▶ [WHAT TO PRODUCE]:
Without any pictures, print the lines below from the one that has "Die Georg Asmussen" through the one that has "预算数据意外提前泄露后,市场", exactly and nothing else.

▶ [MATERIAL FOR THE TASK]:
=======

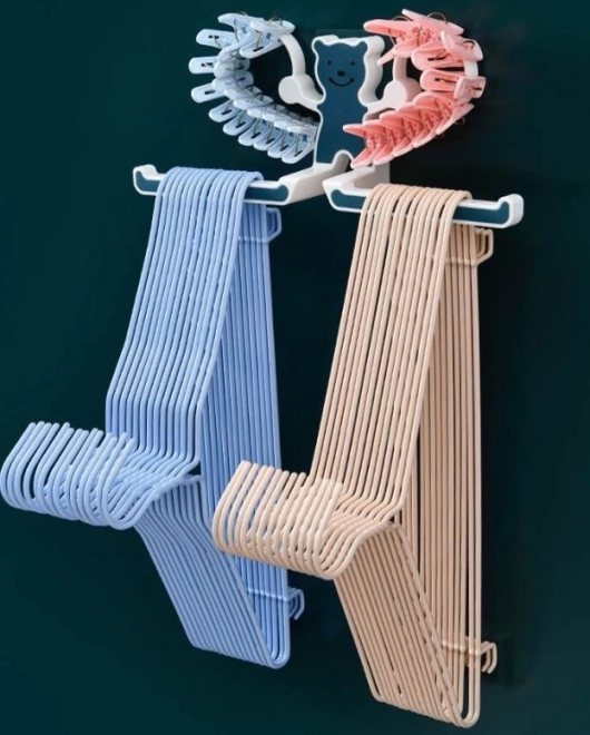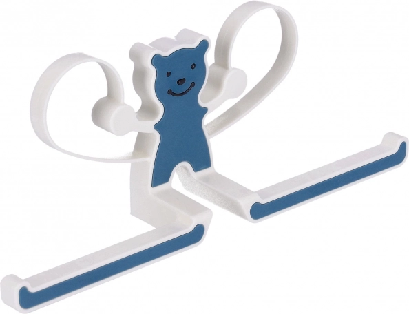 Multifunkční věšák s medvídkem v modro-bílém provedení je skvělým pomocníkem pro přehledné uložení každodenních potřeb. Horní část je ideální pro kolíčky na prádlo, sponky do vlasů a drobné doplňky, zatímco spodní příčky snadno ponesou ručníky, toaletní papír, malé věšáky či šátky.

=======

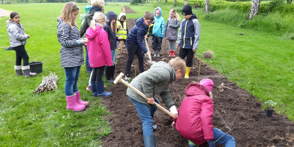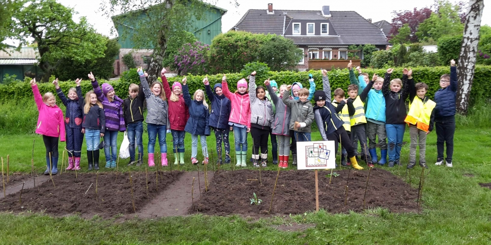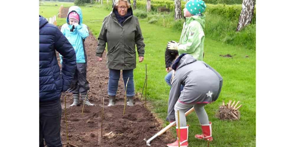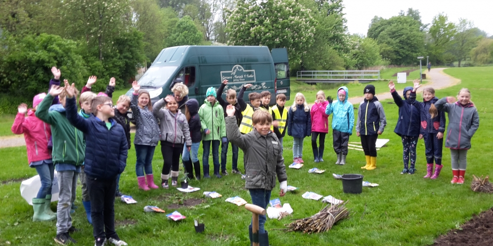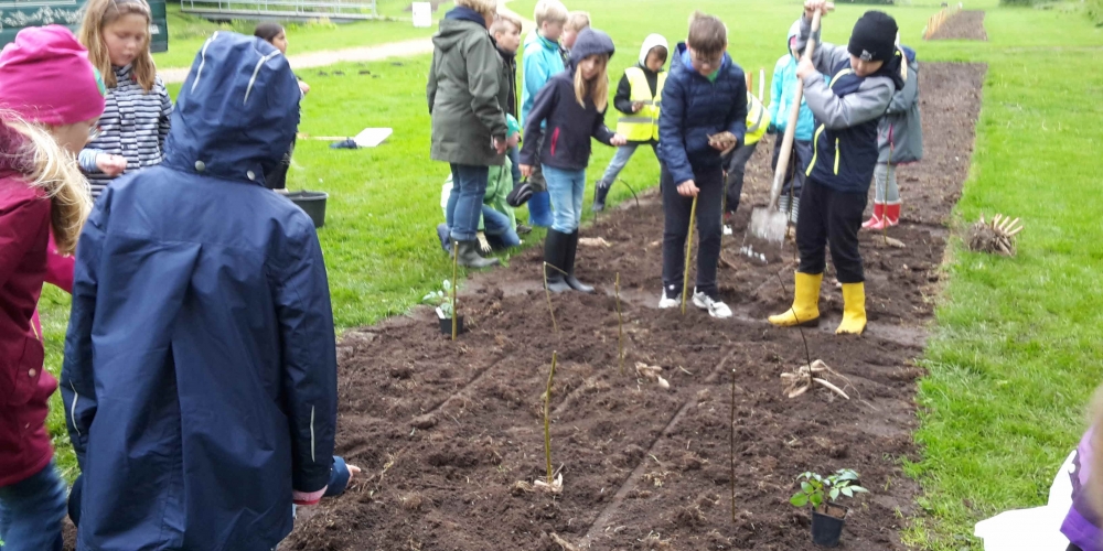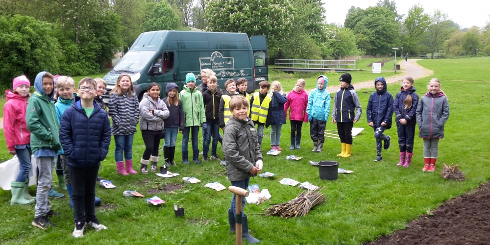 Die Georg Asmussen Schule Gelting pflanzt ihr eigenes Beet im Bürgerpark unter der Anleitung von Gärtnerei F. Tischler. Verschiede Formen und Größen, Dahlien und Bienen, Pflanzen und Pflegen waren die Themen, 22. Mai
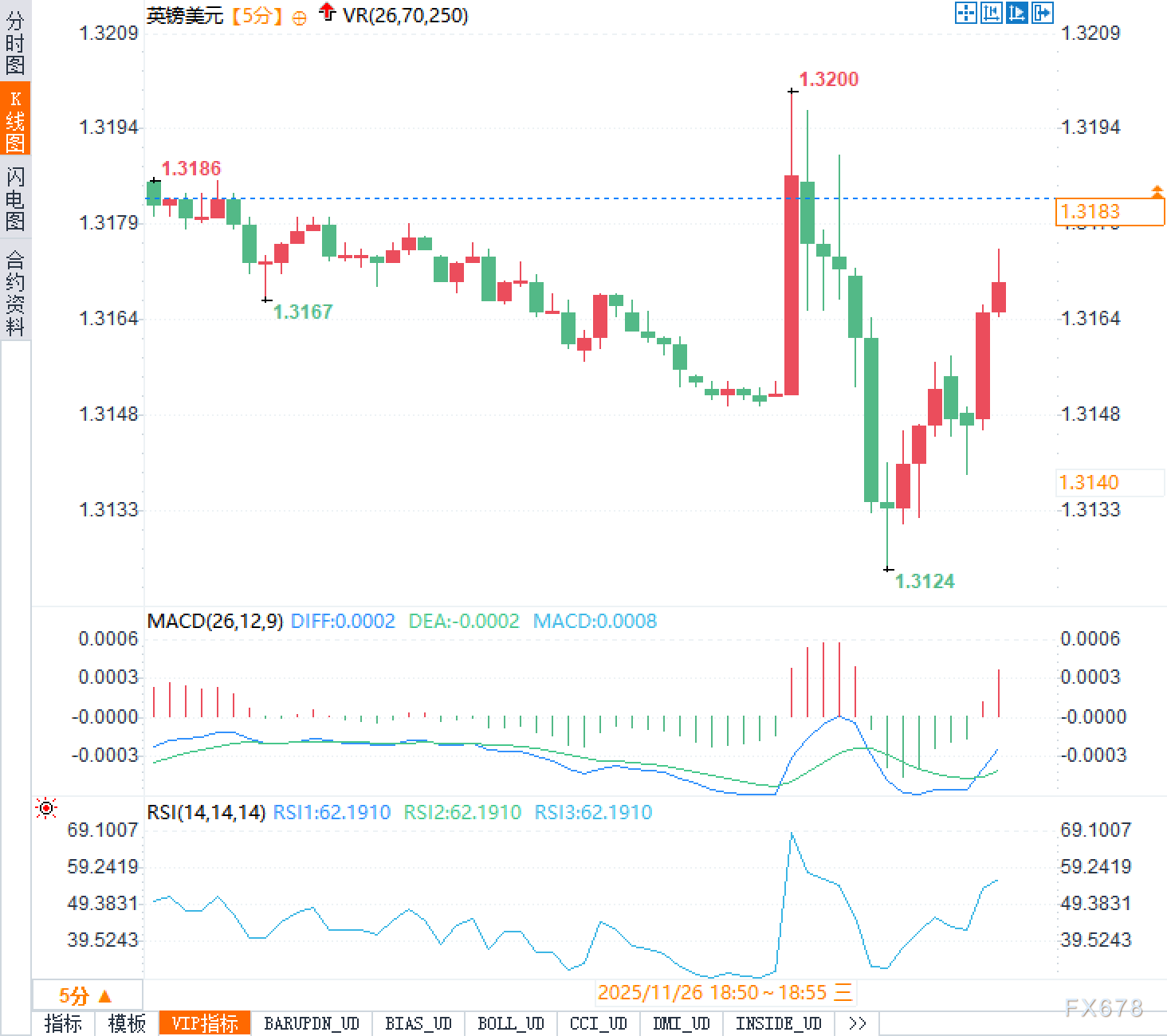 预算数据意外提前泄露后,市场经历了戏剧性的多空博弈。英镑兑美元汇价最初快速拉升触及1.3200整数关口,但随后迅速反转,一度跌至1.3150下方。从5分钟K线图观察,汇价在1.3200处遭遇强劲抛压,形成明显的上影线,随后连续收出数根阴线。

=======

▶ [ANSWER TO THIS TASK]:
 Die Georg Asmussen Schule Gelting pflanzt ihr eigenes Beet im Bürgerpark unter der Anleitung von Gärtnerei F. Tischler. Verschiede Formen und Größen, Dahlien und Bienen, Pflanzen und Pflegen waren die Themen, 22. Mai
 预算数据意外提前泄露后,市场经历了戏剧性的多空博弈。英镑兑美元汇价最初快速拉升触及1.3200整数关口,但随后迅速反转,一度跌至1.3150下方。从5分钟K线图观察,汇价在1.3200处遭遇强劲抛压,形成明显的上影线,随后连续收出数根阴线。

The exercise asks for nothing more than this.